Task details:
Your reply should reproduce each line below exactly and carry none of the pictures.

Start of Data shown

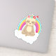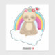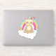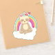 A cute cartoon illustration of a meditating sloth. Wearing a crown of wildflowers on its head, floating peacefully on a white cloud with a colourful rainbow behind. A couple of hearts nearby. Peaceful and happy.
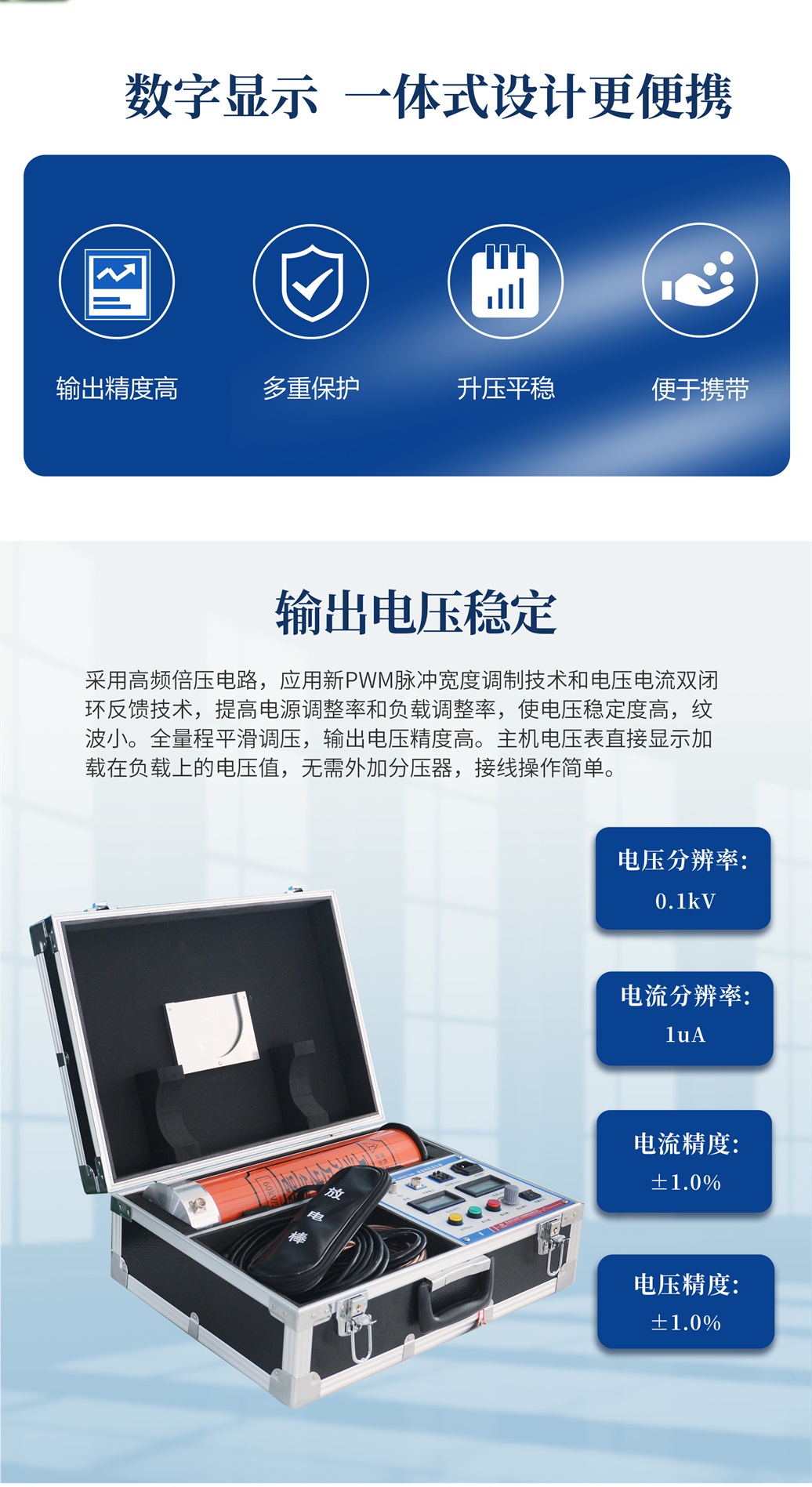 1、輸出電壓穩(wěn)定:采用高頻倍壓電路,應(yīng)用新PWM脈沖寬度調(diào)制技術(shù)和電壓電流雙閉環(huán)反饋技術(shù),提高電源調(diào)整率和負(fù)載調(diào)整率,使電壓穩(wěn)定度高,紋波小。全量程平滑調(diào)壓,輸出電壓精度高。主機(jī)電壓表直接顯示加載在負(fù)載上的電壓值,無需外加分壓器,接線操作簡單。電壓分辨率0.1kV,電流分辨率1uA。
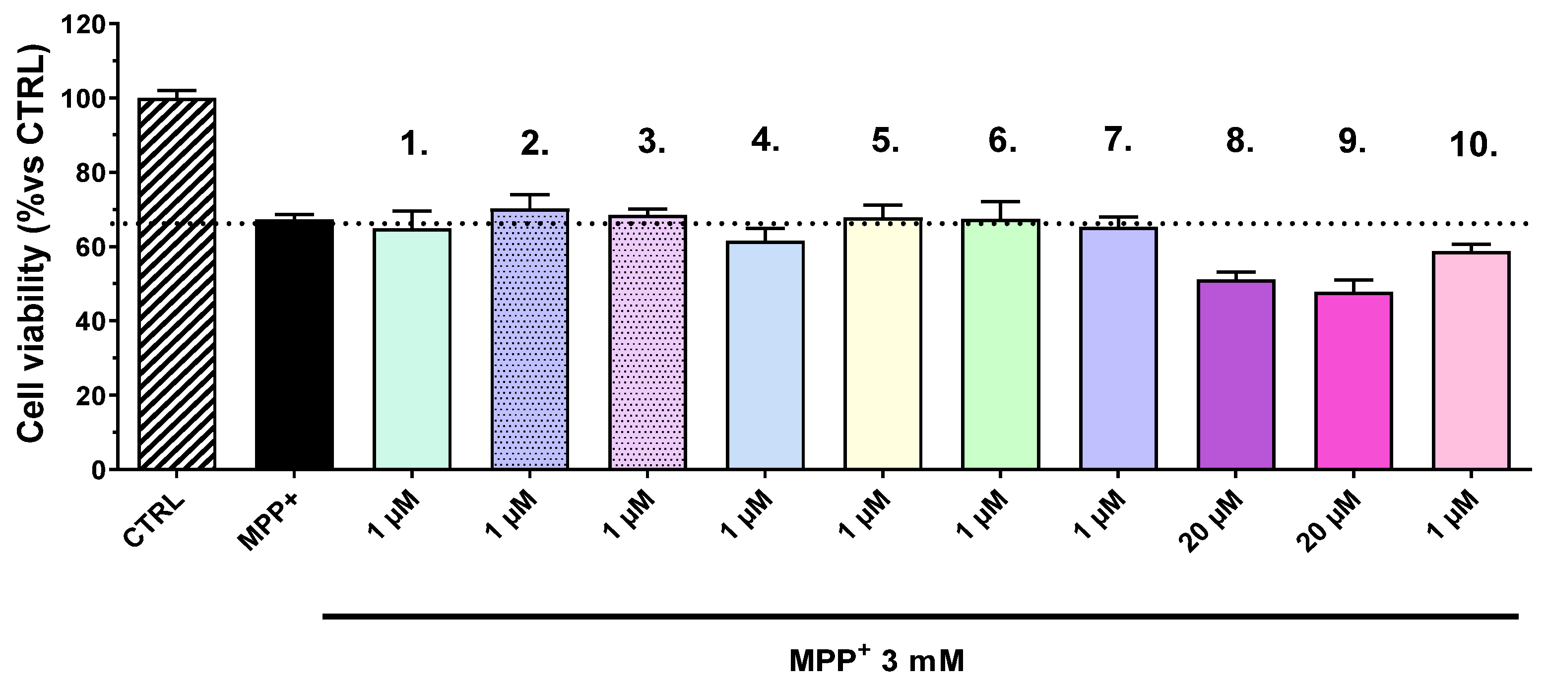 + localizes to mitochondria, where it inhibits complex I of the electron transport chain, leading to ATP depletion, increased oxidative stress, and ultimately, neuronal cell death. Interestingly, none of the tested compounds exhibited neuroprotective effects in the MPP

End of Data shown

Exercise response:
 A cute cartoon illustration of a meditating sloth. Wearing a crown of wildflowers on its head, floating peacefully on a white cloud with a colourful rainbow behind. A couple of hearts nearby. Peaceful and happy.
 1、輸出電壓穩(wěn)定:采用高頻倍壓電路,應(yīng)用新PWM脈沖寬度調(diào)制技術(shù)和電壓電流雙閉環(huán)反饋技術(shù),提高電源調(diào)整率和負(fù)載調(diào)整率,使電壓穩(wěn)定度高,紋波小。全量程平滑調(diào)壓,輸出電壓精度高。主機(jī)電壓表直接顯示加載在負(fù)載上的電壓值,無需外加分壓器,接線操作簡單。電壓分辨率0.1kV,電流分辨率1uA。
 + localizes to mitochondria, where it inhibits complex I of the electron transport chain, leading to ATP depletion, increased oxidative stress, and ultimately, neuronal cell death. Interestingly, none of the tested compounds exhibited neuroprotective effects in the MPP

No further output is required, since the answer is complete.